But you'd be right to say that the Sun model was centralized in that there was just one ultimate upstream. (There was one per-"consolidation", since Solaris was broken up into multiple parts like that, but whatever, the point stands.)

Whereas with Linux, say, one might have multiple kernel gates kept by different gatekeepers. Still, if you're contributing to more than one of them, it's easier to cherry-pick (rebase!) your commits onto each upstream than to just merge your way around -- IMO. I.e., you can have a Linux kernel like decentralized dev model and still rebase.

However, I as you can see from my comment in the previous paragraph, _rebase_ itself does not imply a centralized model.

I get that you can work around the problems, you don't seem to get that from a math point of view, rebase forces either

a) a centralized model

or

b) you have to throw away any work based on the dag before the rebase

or)

c) you have the history in the graph twice (which causes no end of problems).
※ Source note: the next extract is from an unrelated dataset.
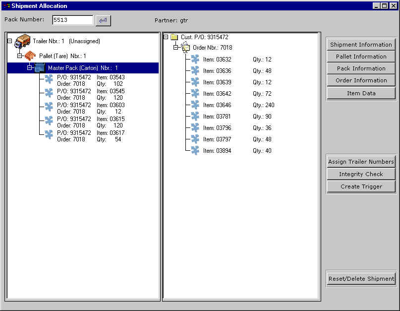 The left hand side of the screen shows the shipment as it is being assembled. The tree structure root is the shipment level, subsequent levels are the order, pallet, carton, and item. When starting the carton assignments all the items will be listed in the right window pane. You can create pallets and cartons on the left side by highlighting the level and right clicking. You will then be presented with a menu listing the options that are available at that level. For example, you can highlight a carton on the left hand side and then highlight an item (or multiple items by using shift or control clicks) and then right clicking on the item or item list. You can then transfer all or part of the items to the highlighted carton. You can also create single or multiple carton/pallets by highlighting the truck or pallet.

(a) is the math way, (b) and (c) are ad-hoc hacks. You are well into the ad-hoc hacks, you've found a way to make it work but it includes "don't do that" warnings to users. My experience is that you don't want to have work flows that include "don't do that". Users will do that.

Also, it's harder to grok merge history because we humans have a hard time with complexity, and merge history in a system with thousands of developers and multiple upstreams can get insanely complex. The only way to cut through that complexity is to make sure that each upstream ends up with linear history -- that is: to rebase downstreams.
Nope, you want what I called the event stack. It lets you have your cake and eat it too.

The event stack is a record of every tip that was ever present in this repo other than unpushed commits.

You were at cset 1234, you pull in 25 csets, the event stack has two events, 1 which points to 1234 and 2 which points at the tip after the pull.

You commit "wacked the crap out of it", then commit "fixed typo", then commit "added test", then commit $whatever. The event stack is

1 2 . which points at your current tip but is floating

Now you push. Your event stack is 1, 2, 3 and 3 points at the tip as of your push.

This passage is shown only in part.